Token classification assigns a label to individual tokens in a sentence. One of the most common token classification tasks is Named Entity Recognition (NER). NER attempts to find a label for each entity in a sentence, such as a person, location, or organization.

The pre-trained BERT model, bert-base-NER, has been fine-tuned for Named Entity Recognition. It has been trained to recognize four types of entities: location (LOC), organizations (ORG), person (PER) and Miscellaneous (MISC). Specifically, this model is a bert-base-cased model that was fine-tuned on the English version of the standard CoNLL-2003 Named Entity Recognition dataset: https://www.aclweb.org/anthology/W03-0419.pdf



# Load Model and Tokenizer from bert-base-NER

In [2]:
from transformers import AutoTokenizer, AutoModelForTokenClassification
from transformers import pipeline

tokenizer = AutoTokenizer.from_pretrained("dslim/bert-base-NER")
model = AutoModelForTokenClassification.from_pretrained("dslim/bert-base-NER")

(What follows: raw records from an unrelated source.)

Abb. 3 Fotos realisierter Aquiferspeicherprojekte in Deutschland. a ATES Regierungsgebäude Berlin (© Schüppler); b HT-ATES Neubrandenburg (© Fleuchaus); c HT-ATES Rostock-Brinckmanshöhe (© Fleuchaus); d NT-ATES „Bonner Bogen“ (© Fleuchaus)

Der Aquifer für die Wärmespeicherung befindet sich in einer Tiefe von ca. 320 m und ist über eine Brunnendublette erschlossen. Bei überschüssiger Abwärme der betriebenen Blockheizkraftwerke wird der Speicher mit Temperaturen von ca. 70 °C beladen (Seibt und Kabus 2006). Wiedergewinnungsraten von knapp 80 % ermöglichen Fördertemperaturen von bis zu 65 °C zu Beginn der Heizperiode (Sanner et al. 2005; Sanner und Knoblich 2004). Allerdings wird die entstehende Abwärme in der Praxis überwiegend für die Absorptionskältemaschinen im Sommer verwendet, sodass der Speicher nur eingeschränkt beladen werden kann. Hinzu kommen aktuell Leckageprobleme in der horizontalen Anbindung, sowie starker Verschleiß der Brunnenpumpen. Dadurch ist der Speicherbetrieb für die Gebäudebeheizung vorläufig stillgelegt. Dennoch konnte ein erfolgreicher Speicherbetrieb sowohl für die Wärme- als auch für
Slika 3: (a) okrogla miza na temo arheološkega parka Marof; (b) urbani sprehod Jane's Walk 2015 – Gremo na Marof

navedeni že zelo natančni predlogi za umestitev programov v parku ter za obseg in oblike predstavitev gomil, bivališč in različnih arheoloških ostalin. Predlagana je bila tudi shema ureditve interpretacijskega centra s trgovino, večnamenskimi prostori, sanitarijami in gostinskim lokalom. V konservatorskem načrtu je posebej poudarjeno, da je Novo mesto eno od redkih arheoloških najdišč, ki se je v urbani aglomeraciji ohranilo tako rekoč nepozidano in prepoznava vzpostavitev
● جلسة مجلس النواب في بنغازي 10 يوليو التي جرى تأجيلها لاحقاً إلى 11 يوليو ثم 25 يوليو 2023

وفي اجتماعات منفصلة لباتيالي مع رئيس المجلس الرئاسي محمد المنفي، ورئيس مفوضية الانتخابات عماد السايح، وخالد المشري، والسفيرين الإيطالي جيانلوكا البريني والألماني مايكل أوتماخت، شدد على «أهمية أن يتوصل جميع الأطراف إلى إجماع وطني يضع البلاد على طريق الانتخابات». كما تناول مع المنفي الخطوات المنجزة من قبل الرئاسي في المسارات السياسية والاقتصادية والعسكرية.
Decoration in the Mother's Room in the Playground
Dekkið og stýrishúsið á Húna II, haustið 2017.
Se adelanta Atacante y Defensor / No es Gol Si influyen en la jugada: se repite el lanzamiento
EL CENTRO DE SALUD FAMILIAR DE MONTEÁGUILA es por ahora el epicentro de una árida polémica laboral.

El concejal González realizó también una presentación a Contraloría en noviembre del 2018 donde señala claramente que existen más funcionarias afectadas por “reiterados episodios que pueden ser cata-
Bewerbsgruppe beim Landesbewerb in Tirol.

Downloading (…)okenizer_config.json:   0%|          | 0.00/59.0 [00:00<?, ?B/s]

Downloading (…)lve/main/config.json:   0%|          | 0.00/829 [00:00<?, ?B/s]

Downloading (…)solve/main/vocab.txt:   0%|          | 0.00/213k [00:00<?, ?B/s]

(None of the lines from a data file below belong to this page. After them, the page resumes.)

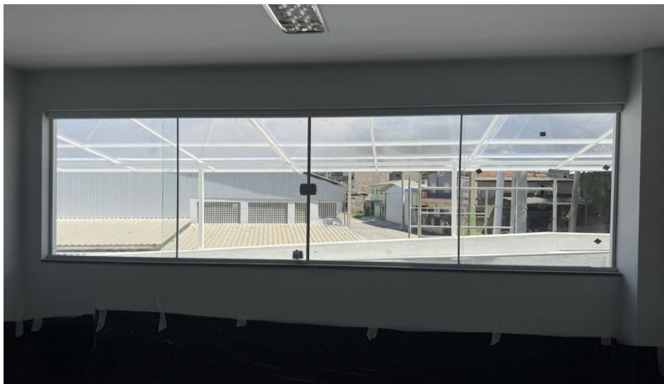
Figura 6 - Detalhe para janela de correr quatro folhas
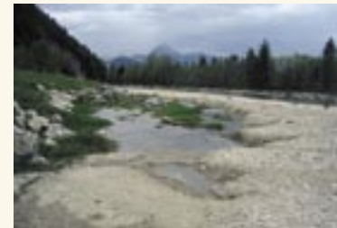
Lebensraum in Tirol
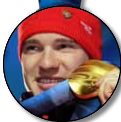
Dario Cologna Skilanglauf 15 km freie Technik Ski de fond, 15 km style libre
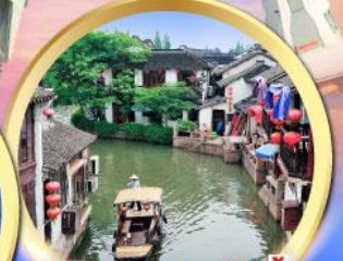
หมู่บ้านโบราณจูเจียเจี้ยว ล่องเรือแจว
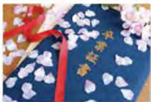
事務です。すーさんblog
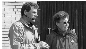
Lk. 4-5 Saame tuttavaks spordi- ja tantsu- osakonnaga!
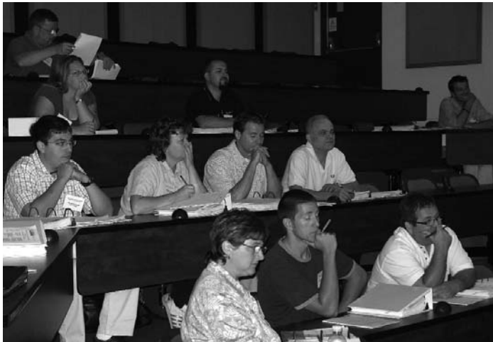
Les enseignants de toute la province participent au tout premier institut estival de droit du ROEJ en français.

Le ROEJ et l'Association des juristes d'expression française de l'Ontario (AJEFO) ont offert le tout premier institut estival de droit en français le 23 août au pavillon Fauteux de l'Université d'Ottawa. Cet événement a eu lieu en même temps que l'institut en anglais à Ottawa et a donné aux enseignants francophones de l'Ontario la chance unique de rencontrer des bénévoles francophones du secteur de la justice, de faire du réseautage et de partager des ressources.
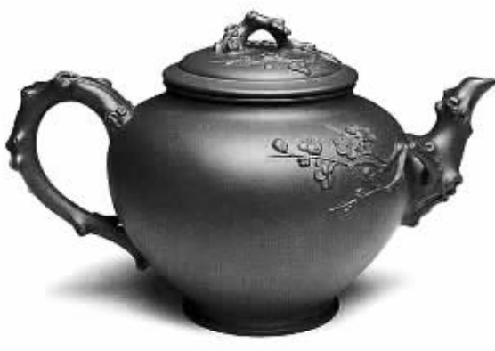
顾景舟大梅花壶（紫砂）

Downloading (…)in/added_tokens.json:   0%|          | 0.00/2.00 [00:00<?, ?B/s]

Downloading (…)cial_tokens_map.json:   0%|          | 0.00/112 [00:00<?, ?B/s]

Downloading model.safetensors:   0%|          | 0.00/433M [00:00<?, ?B/s]

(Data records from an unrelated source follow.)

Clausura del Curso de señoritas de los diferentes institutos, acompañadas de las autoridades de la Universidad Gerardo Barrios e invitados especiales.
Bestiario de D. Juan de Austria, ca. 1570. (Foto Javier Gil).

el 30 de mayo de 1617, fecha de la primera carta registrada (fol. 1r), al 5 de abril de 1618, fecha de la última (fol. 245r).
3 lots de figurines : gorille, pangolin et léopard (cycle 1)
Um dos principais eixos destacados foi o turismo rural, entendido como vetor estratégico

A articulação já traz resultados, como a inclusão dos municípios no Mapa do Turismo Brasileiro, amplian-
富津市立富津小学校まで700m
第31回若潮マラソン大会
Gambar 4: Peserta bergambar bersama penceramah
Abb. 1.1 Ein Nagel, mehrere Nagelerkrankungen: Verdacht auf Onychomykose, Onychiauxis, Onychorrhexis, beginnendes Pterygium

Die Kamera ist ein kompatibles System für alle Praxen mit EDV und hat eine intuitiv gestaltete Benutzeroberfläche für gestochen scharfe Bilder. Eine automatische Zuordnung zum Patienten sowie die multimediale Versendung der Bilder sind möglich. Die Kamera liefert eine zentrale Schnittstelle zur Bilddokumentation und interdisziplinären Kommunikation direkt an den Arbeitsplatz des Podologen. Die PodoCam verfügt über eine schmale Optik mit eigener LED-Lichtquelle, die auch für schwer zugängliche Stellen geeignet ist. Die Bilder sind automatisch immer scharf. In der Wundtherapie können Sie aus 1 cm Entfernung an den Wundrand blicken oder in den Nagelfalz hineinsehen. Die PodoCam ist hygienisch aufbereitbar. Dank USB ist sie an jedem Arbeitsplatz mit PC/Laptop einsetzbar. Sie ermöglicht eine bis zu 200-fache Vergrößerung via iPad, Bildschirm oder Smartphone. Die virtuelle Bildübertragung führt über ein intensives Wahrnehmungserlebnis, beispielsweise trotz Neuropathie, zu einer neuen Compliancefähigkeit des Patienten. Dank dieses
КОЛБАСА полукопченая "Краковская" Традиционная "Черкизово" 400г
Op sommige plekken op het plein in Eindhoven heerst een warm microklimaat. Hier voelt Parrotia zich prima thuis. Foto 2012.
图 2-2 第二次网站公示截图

Some weights of the model checkpoint at dslim/bert-base-NER were not used when initializing BertForTokenClassification: ['bert.pooler.dense.weight', 'bert.pooler.dense.bias']
- This IS expected if you are initializing BertForTokenClassification from the checkpoint of a model trained on another task or with another architecture (e.g. initializing a BertForSequenceClassification model from a BertForPreTraining model).
- This IS NOT expected if you are initializing BertForTokenClassification from the checkpoint of a model that you expect to be exactly identical (initializing a BertForSequenceClassification model from a BertForSequenceClassification model).


# Create a Pipeline from the bert-base-NER Model and Tokenizer

In [3]:
nlp = pipeline("ner", model=model, tokenizer=tokenizer)

# Prepare a Text

In [4]:
text = "Apple Inc. plans to open a new store in San Francisco by January 2024. Tim Cook, the CEO, announced the news yesterday."

# Label Tokens with the Tags in the B-I-O Scheme

In [24]:
ner_results = nlp(text)
print(ner_results)

[{'entity': 'B-ORG', 'score': 0.9996086, 'index': 1, 'word': 'Apple', 'start': 0, 'end': 5}, {'entity': 'I-ORG', 'score': 0.99942136, 'index': 2, 'word': 'Inc', 'start': 6, 'end': 9}, {'entity': 'B-LOC', 'score': 0.99934715, 'index': 11, 'word': 'San', 'start': 40, 'end': 43}, {'entity': 'I-LOC', 'score': 0.99942625, 'index': 12, 'word': 'Francisco', 'start': 44, 'end': 53}, {'entity': 'B-PER', 'score': 0.9997869, 'index': 18, 'word': 'Tim', 'start': 71, 'end': 74}, {'entity': 'I-PER', 'score': 0.99977297, 'index': 19, 'word': 'Cook', 'start': 75, 'end': 79}]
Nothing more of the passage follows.